The diagram below illustrates the sequence of calls required to correctly process an upload.

external storage upload

The user calls API resource transfer/upload of endpoint filesystem with the parameters
- path: destination of the file in the HPC cluster
- fileName: destination name of the file
- fileSize: size of the file to transfer expressed in bytes
FirecREST processes the request and, if valid, generates a dedicated bucket on S3 for the specific user. All further file transfers are conducted within this bucket
FirecREST schedules a job on the HPC cluster that waits for the completion of the upload in the S3 bucket
FirecREST returns the following information to the user
- maxPartSize: the maximum size for parts
- partsUploadUrls: one distinct upload URL per part
- completeUploadUrl: the URL to complete the multipart upload in compliancy with S3 protocol
- transferJob: information to track the data transfer job
The user uploads data on applying the multipart protocol with presigned URLs. An S3 object, labeled with the file name and uniquely tagged by a UUID, is created within the user's bucket to receive the file parts and merge them into the final uploaded file. The protocol to be followed by users is implemented through the following steps:
1. Split the file into parts of maximum size as specified
2. Upload each part with the given URLs, collecting the returned E-Tags for checkdata integrity verification
3. Complete the upload with the given URL, providing the list of the E-Tags
The data transfer job detects the upload completion
The data transfer job downloads the incoming data from S3 to the destination specified by the user

Download Data From Extern¶

Exporting large data file from the HPC cluster to external systems begins with a user's request to download data. FirecREST returns a presigned URL to access the S3 object and then it schedules a job to upload the data to an S3 object into the user's data bucket. The user must wait until the upload process within the HPC infrastructure is fully complete before accessing the data on S3.

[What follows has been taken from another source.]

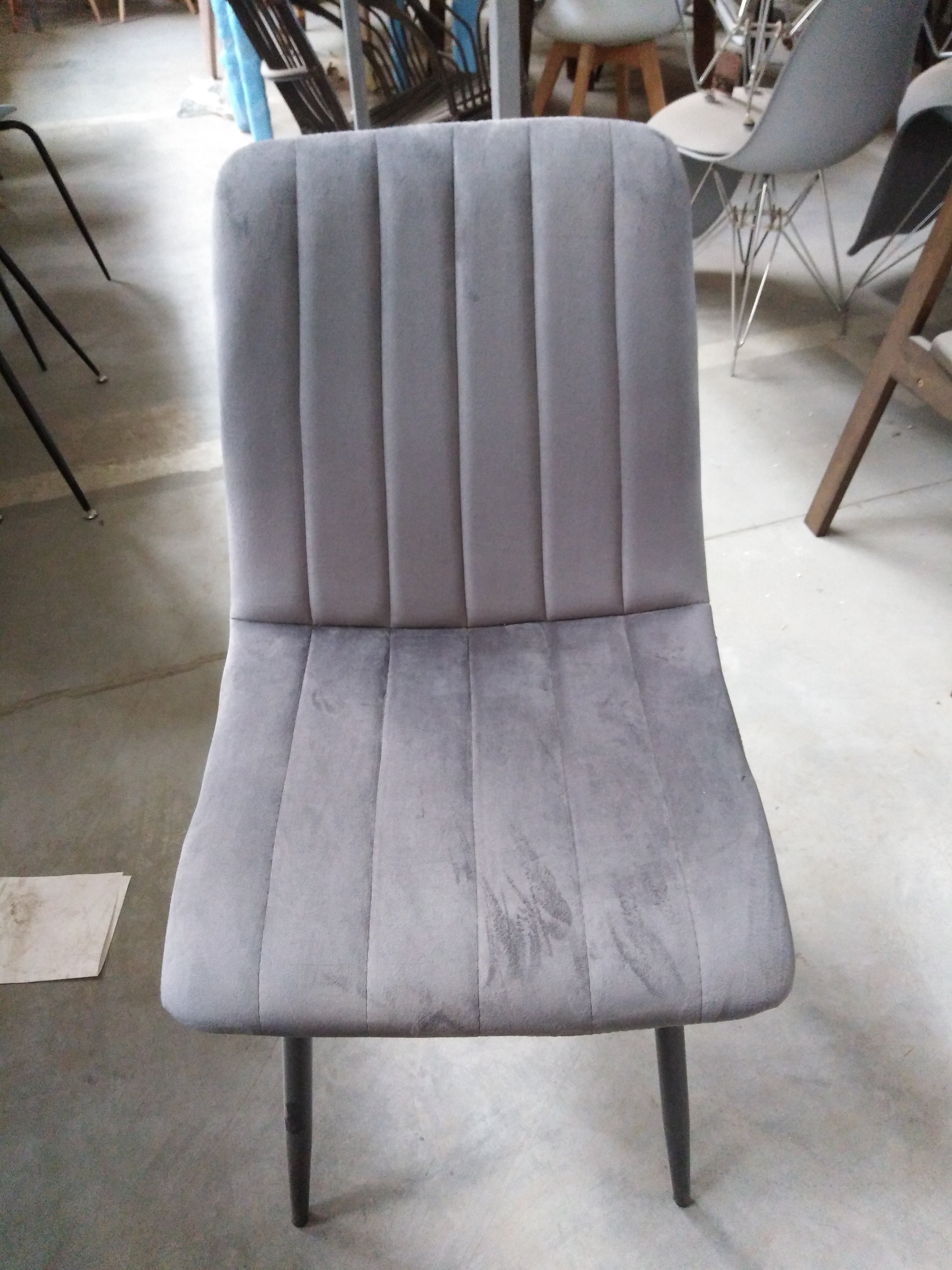 Описание товара без дефектов: Великолепный стул DUBLIN из коллекции Modern сделает ваш интерьер не только стильным, но по-домашнему уютным и комфортным. Тонкие изящные ножки в сочетании со стеганой обивкой из вельвета серого цвета выгодно выделяют его в интерьере. Мягкое сиденье и спинка позволяют комфортно сидеть в течение длительного времени. Бархатистая и приятная на ощупь поверхность обивки обеспечит максимальный комфорт и уют. Четыре прочные ножки делают модель устойчивой и надежной. Тканевая обивка не мнётся, не меняет форму, пропускает воздух, экологична и гипоаллергенна. Этот стильный и удобный стул отлично впишется в интерьер гостиной, кухни или столовой.

To address any potential limitations, FirecREST schedules a job to transfer data to S3 using the multipart upload protocol. This process is entirely transparent to the user and ensures that the S3 object becomes accessible only once the transfer is successfully completed.

Once the presigned URL is provided by FirecREST, users can access the S3 bucket without any restrictions. The maximum file size allowed for a single download by S3 accommodates even large exported data files, in a single transfer.

The diagram below illustrates the sequence of calls required to correctly process a download.

external storage upload

The user calls API resource transfer/download of the filesystem endpoint providing the following parameter
- path: source of the file in the HPC cluster
FirecREST processes the request and creates a dedicated bucket on S3 for the specific user (the same can be used for file transfer upload).
FirecREST schedules the data transfer job and responds to the user with the followng data:
- downloadUrl: the presigned URL to access the S3 object containing the requested data
- transferJob: information to track the data transfer job
The transfer job generates an S3 object within the user's designated bucket, labeled with the file name and uniquely tagged with a UUID. It automatically transfers data from the specified source into the bucket, utilizing the multipart upload protocol
Once the transfer is complete, the user can access the S3 object in the bucket until the expiration period ends

Although single-file download is an option, S3 supports HTTP Range Request, which can be used to parallelly download chunks of a file stored in the S3 bucket.